The task —
Each line below from the one containing "Alpha бадминтон струна" through the one containing "自治区科技厅副厅长李克纯(右" should be output exactly as it stands, and no other line should appear.

Records for the task —
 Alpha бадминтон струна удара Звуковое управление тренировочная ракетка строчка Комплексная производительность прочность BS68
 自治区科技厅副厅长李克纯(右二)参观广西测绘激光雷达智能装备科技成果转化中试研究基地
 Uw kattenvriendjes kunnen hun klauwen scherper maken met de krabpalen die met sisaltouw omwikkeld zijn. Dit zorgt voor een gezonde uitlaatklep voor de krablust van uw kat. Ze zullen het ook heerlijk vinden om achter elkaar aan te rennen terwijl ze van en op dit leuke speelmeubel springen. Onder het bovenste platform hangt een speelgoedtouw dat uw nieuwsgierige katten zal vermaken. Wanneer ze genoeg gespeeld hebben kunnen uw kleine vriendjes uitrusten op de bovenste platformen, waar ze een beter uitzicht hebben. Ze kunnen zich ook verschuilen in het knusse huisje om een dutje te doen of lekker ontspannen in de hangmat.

...

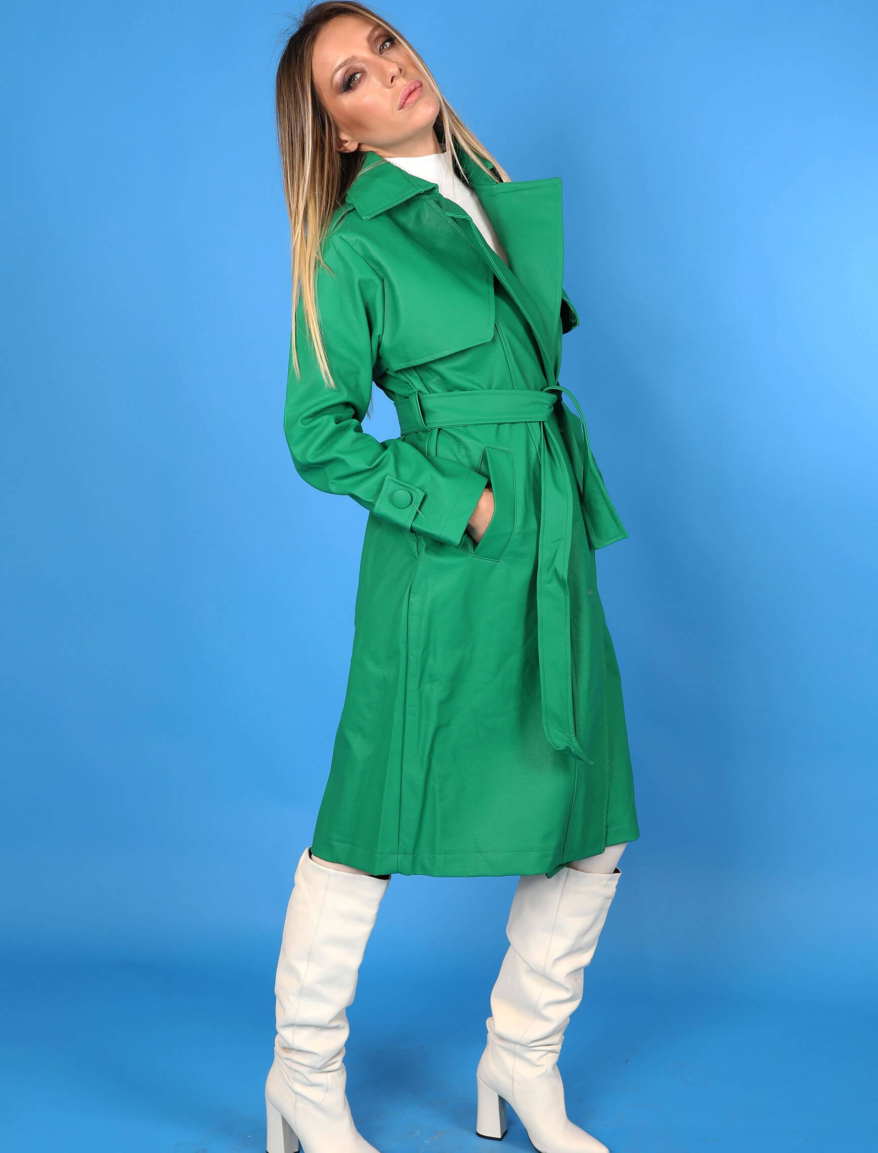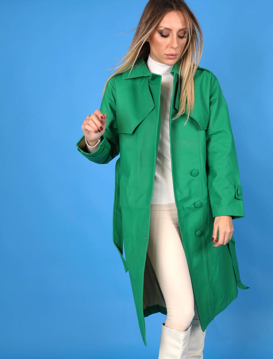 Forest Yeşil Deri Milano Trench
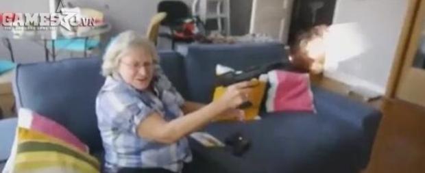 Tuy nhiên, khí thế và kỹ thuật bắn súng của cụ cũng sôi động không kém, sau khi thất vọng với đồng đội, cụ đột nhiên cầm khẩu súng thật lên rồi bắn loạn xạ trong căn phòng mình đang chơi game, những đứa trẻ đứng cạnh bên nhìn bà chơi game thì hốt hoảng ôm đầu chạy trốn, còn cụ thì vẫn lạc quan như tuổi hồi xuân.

Output for this task —
 Alpha бадминтон струна удара Звуковое управление тренировочная ракетка строчка Комплексная производительность прочность BS68
 自治区科技厅副厅长李克纯(右二)参观广西测绘激光雷达智能装备科技成果转化中试研究基地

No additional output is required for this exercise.